> What you are asked to do: Take the lines below from the one with "http://www.sina.com.cn 2000年4月17日 18:04" through the one with "Рамка вкладыш BRAUBERG" and retype them exactly. Include nothing else, and no pictures.

> Material for this exercise:
============

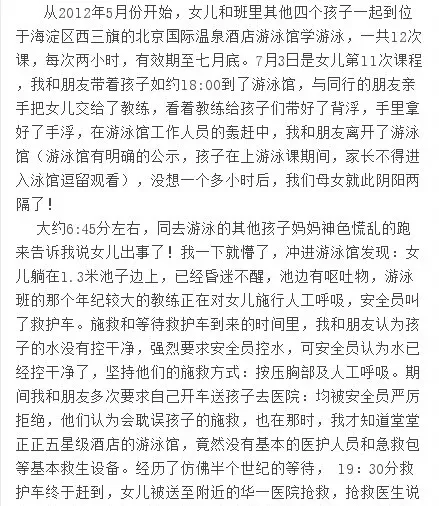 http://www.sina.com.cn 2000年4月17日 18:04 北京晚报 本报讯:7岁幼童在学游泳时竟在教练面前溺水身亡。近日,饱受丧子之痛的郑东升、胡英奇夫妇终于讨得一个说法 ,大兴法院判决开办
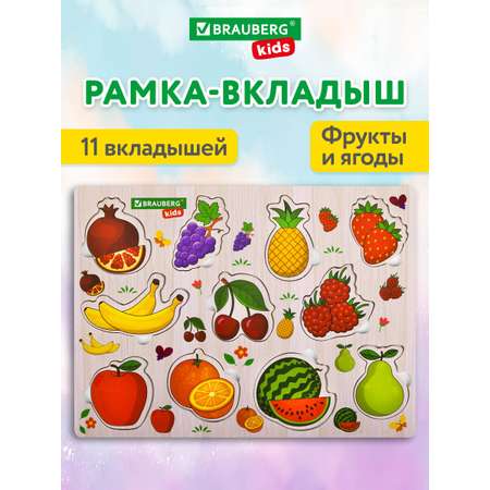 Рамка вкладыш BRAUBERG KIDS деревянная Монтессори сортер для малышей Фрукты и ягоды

============

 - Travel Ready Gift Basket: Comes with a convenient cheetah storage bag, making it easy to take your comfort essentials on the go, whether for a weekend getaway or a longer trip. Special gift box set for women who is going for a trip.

============

> Response:
 http://www.sina.com.cn 2000年4月17日 18:04 北京晚报 本报讯:7岁幼童在学游泳时竟在教练面前溺水身亡。近日,饱受丧子之痛的郑东升、胡英奇夫妇终于讨得一个说法 ,大兴法院判决开办
 Рамка вкладыш BRAUBERG KIDS деревянная Монтессори сортер для малышей Фрукты и ягоды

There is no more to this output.